Molecular drivers and hope for the future
Researchers identified Klf11 as a potential master regulator of the sex divergence in humanized mice. This discovery may provide a target for future treatments aimed at addressing arsenic-induced diabetes. Klf11 is well known to play a regulatory role in metabolism. Todero thinks it is possible that when Klf11 is suppressed in males compared to females, the energy sources or fuels that various organs use could change. For example, the liver normally uses glucose to fuel its processes, but with the change in Klf11 it may start to use fat instead, leading to risk of the development of fatty liver disease. Todero would like to see future research explore these possibilities further.
Researchers also found that the microRNA gene miR-34a was uniquely elevated in males exposed to arsenic. This is notable because miR-34a is a well-established marker of insulin resistance and diabetes related phenotypes.
Todero noted that the mouse strain used in this study (129S) are particularly resistant to developing metabolic dysfunction. She is now looking at similar sex differences in another strain of mice (C57BL/6) that is more prone to metabolic disease. She mentions that collaboration with researchers in UNC SRP Project 2, Dr. Pardo Manuel de Villenia and Dr. Stýblo, has made access to both strains of mice possible.

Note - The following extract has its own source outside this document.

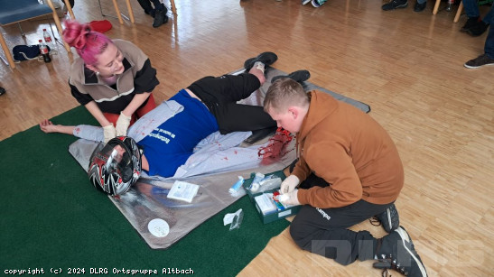 Anfang Juni veranstaltete das DRK Altbach exklusiv für die Rettungsschwimmer der DLRG Altbach zwei Erste-Hilfe-Kurse. Mit vielen praktischen Übungen und Fallbeispielen konnten wir uns optimal auf die beginnende Schwimm- und Badesaison vorbereiten. Der Schwerpunkt lag vor allem bei der Durchführung der Herz-Lungen-Wiederbelebung (HLW) bei Erwachsenen, Kindern und Kleinkindern sowie bei der Wundversorgung verschiedener Verletzungen. Wir bedanken uns ganz herzlich bei Bianca Gehringer und Thomas Gehringer für die tolle Durchführung. ... Mehr erfahren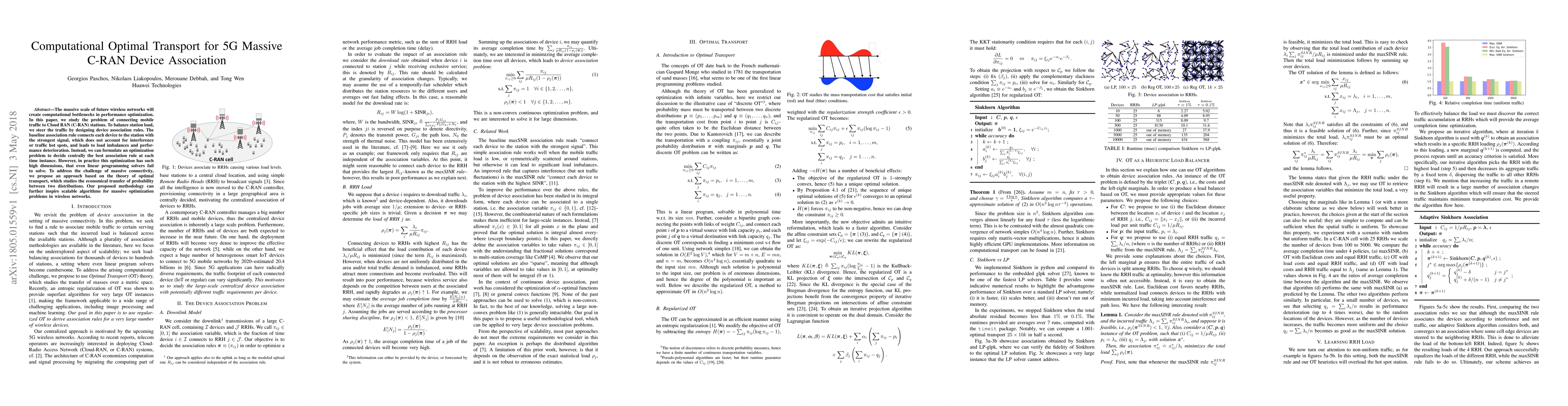 The massive scale of future wireless networks will create computational bottlenecks in performance optimization. In this paper, we study the problem of connecting mobile traffic to Cloud RAN (C-RAN) stations. To balance station load, we steer the traffic by designing device association rules. The baseline association rule connects each device to the station with the strongest signal, which does not account for interference or traffic hot spots, and leads to load imbalances and performance deterioration. Instead, we can formulate an optimization problem to decide centrally the best association rule at each time instance. However, in practice this optimization has such high dimensions, that even linear programming solvers fail to solve. To address the challenge of massive connectivity, we propose an approach based on the theory of optimal transport, which studies the economical transfer of probability between two distributions. Our proposed methodology can further inspire scalable algorithms for massive optimization problems in wireless networks.

Todero wants to know what makes the difference between sexes so strong and if female hormones, such as estrogen, may be protecting females against arsenic-induced metabolic problems. She hopes that future research will be able to answer some of these questions. She’s also expanding the organs of interest and investigating the effects of arsenic on brown adipose tissue and thermogenesis.

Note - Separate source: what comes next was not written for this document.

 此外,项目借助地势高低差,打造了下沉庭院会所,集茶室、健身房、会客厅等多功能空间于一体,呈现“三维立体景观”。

An invited perspective on this study was published in the same issue of Environmental Health Perspectives. Although this response highlighted some of the limitations of this study, it emphasized the usefulness of this humanized mouse model to make studies of arsenic exposure in mice more relevant to arsenic-induced diseases in humans. This is promising for future research aimed at understanding the effects of arsenic consumption on human health and metabolism.